This exercise calls for the whole listing to be given again exactly, without images.

....

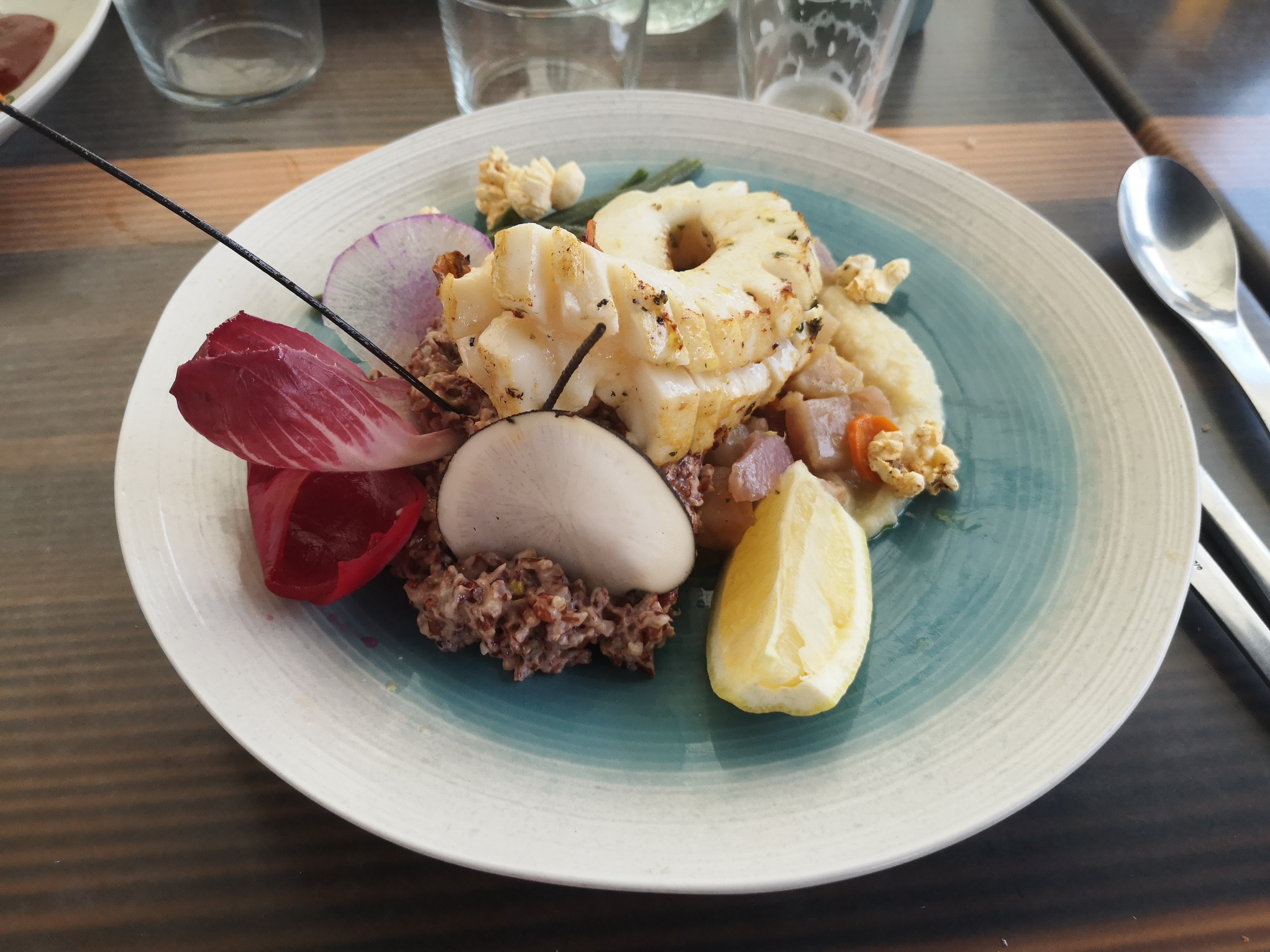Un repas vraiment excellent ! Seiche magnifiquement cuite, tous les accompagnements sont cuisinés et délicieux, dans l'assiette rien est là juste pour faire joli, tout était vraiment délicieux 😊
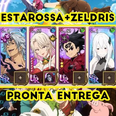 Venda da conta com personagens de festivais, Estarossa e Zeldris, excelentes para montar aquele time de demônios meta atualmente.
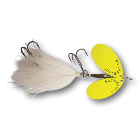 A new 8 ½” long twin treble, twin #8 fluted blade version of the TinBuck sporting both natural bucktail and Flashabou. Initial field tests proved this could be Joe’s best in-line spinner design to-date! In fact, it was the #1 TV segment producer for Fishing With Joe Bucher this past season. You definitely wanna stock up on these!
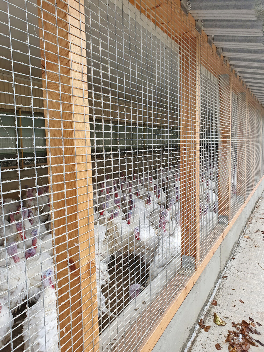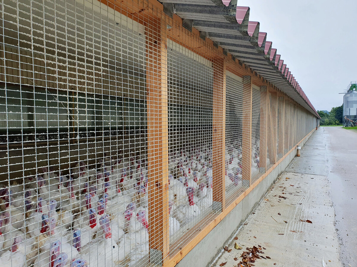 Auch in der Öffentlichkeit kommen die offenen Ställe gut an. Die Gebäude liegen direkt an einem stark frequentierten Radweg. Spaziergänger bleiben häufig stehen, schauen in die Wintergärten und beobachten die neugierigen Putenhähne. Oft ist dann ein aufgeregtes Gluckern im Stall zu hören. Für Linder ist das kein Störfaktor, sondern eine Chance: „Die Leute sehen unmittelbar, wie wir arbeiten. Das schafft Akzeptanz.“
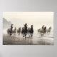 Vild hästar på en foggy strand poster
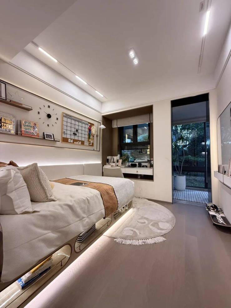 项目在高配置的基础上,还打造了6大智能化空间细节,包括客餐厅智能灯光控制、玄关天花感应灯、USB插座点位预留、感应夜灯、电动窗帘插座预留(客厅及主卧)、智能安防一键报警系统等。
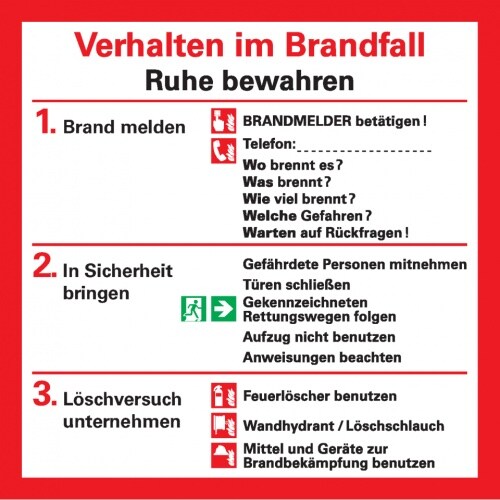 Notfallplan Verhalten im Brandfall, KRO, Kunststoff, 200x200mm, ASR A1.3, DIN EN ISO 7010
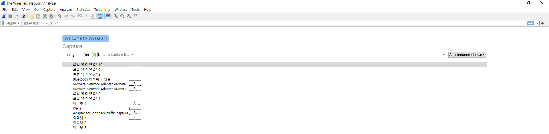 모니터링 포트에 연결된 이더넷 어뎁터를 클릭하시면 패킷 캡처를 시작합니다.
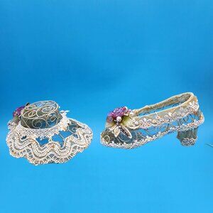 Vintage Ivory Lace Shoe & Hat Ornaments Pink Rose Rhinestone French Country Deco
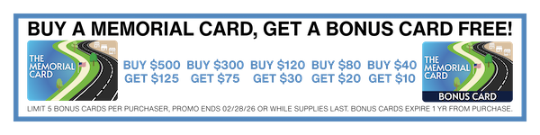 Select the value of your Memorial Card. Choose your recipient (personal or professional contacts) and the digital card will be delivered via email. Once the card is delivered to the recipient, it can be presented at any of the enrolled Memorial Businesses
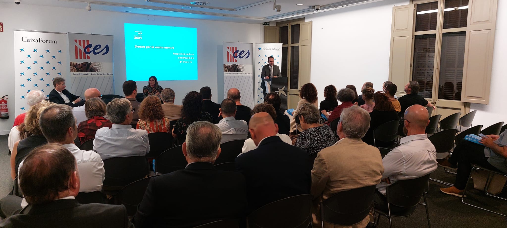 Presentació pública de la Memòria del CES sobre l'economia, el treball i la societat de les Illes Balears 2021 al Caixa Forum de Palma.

....

• **Output for this task**:
Un repas vraiment excellent ! Seiche magnifiquement cuite, tous les accompagnements sont cuisinés et délicieux, dans l'assiette rien est là juste pour faire joli, tout était vraiment délicieux 😊
 Venda da conta com personagens de festivais, Estarossa e Zeldris, excelentes para montar aquele time de demônios meta atualmente.
 A new 8 ½” long twin treble, twin #8 fluted blade version of the TinBuck sporting both natural bucktail and Flashabou. Initial field tests proved this could be Joe’s best in-line spinner design to-date! In fact, it was the #1 TV segment producer for Fishing With Joe Bucher this past season. You definitely wanna stock up on these!
 Auch in der Öffentlichkeit kommen die offenen Ställe gut an. Die Gebäude liegen direkt an einem stark frequentierten Radweg. Spaziergänger bleiben häufig stehen, schauen in die Wintergärten und beobachten die neugierigen Putenhähne. Oft ist dann ein aufgeregtes Gluckern im Stall zu hören. Für Linder ist das kein Störfaktor, sondern eine Chance: „Die Leute sehen unmittelbar, wie wir arbeiten. Das schafft Akzeptanz.“
 Vild hästar på en foggy strand poster
 项目在高配置的基础上,还打造了6大智能化空间细节,包括客餐厅智能灯光控制、玄关天花感应灯、USB插座点位预留、感应夜灯、电动窗帘插座预留(客厅及主卧)、智能安防一键报警系统等。
 Notfallplan Verhalten im Brandfall, KRO, Kunststoff, 200x200mm, ASR A1.3, DIN EN ISO 7010
 모니터링 포트에 연결된 이더넷 어뎁터를 클릭하시면 패킷 캡처를 시작합니다.
 Vintage Ivory Lace Shoe & Hat Ornaments Pink Rose Rhinestone French Country Deco
 Select the value of your Memorial Card. Choose your recipient (personal or professional contacts) and the digital card will be delivered via email. Once the card is delivered to the recipient, it can be presented at any of the enrolled Memorial Businesses
 Presentació pública de la Memòria del CES sobre l'economia, el treball i la societat de les Illes Balears 2021 al Caixa Forum de Palma.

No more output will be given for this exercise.